A system for positioning and moving a movable first platform (11) relative to a fixed second platform (10), characterised by comprising a structure having at least six legs (12-17) of fixed length; each of said six legs (12-17) has a first end connected to said first platform (11) or to said second platform (10) via a ball joint (S1 -S6); a second end of each of said six legs (12-17) describes a predetermined trajectory fixed with respect to said first platform (11) or to said second platform (10); said trajectory enables the position and orientation of said first platform (11 ) to be completely controlled.

Description

PATIENT POSITIONING AND MOVING SYSTEM FOR
RADIOTHERAPY
DESCRIPTION
The present invention relates to a system for positioning and moving a patient for radiotherapy, and in particular a system for positioning and moving a movable first platform relative to a fixed second platform.
Ideal radiotherapy requires the treatment dose to be concentrated only and exclusively within the volume of the pathology; this result currently remains an objective still not completely achieved, but towards which all the different treatment techniques tend. In this respect, to achieve the ideal objective would signify the provision of a treatment station able to determine, foresee and then nullify all those movements of the pathology (for example those due to breathing) which are beyond its capacity to adapt the cross-section of the treatment beam to the shape of the volume to be treated.

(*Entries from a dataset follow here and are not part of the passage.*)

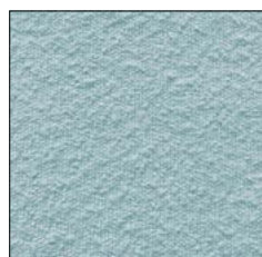
ALICE BLUE G241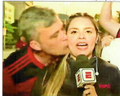
Homem beijou a repórter sem permissão ao vivo

Dias teria pedido que Benevides se acalmasse e parasse com os xingamentos e então o torcedor se desculpou, mas colocou a mão no ombro da jornalista e deu um beijo. O caso aconteceu antes da partida da semifinal da Copa Libertadores.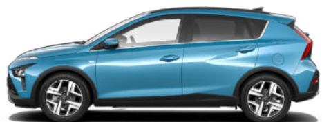
Aqua Turquoise Metallic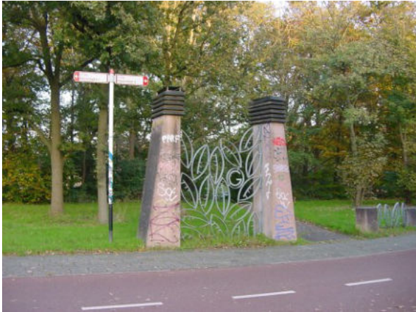
F173b, Bladerpoort Goffertpark, graffiti, 05-11-2024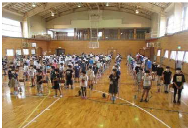
始業式、全員学校に来ました

Radiosurgery using linear accelerators represents one of the currently most important solutions, with the result that this type' of unit is widespread within radiotherapy departments. The classic configuration of a radiotherapy treatment unit includes the presence of an accelerator and a bed for positioning the patient; the accelerator is able to generate a beam of particles and to concentrate them at a point known as the isocentre in addition to rotating about a horizontal axis while continuing to maintain the emission focus at the same point, known as the isocentre. In addition to this movement the bed on which the patient is positioned can be suitably positioned and orientated to prevent exposure of healthy tissues to too high radiation doses. Evolution from a radiotherapy treatment to a radiosurgery treatment requires the capacity to identify with great precision the position of the pathology to be treated, such as to enable the administered dose to be increased while concentrating it only on that part of the tissues which is to undergo the radiotherapy treatment, so preventing other tissues from being damaged by the treatment rays. To achieve this, well visible external markers are applied to the patient, including in image diagnostics, to be able to record the position prior to treatment.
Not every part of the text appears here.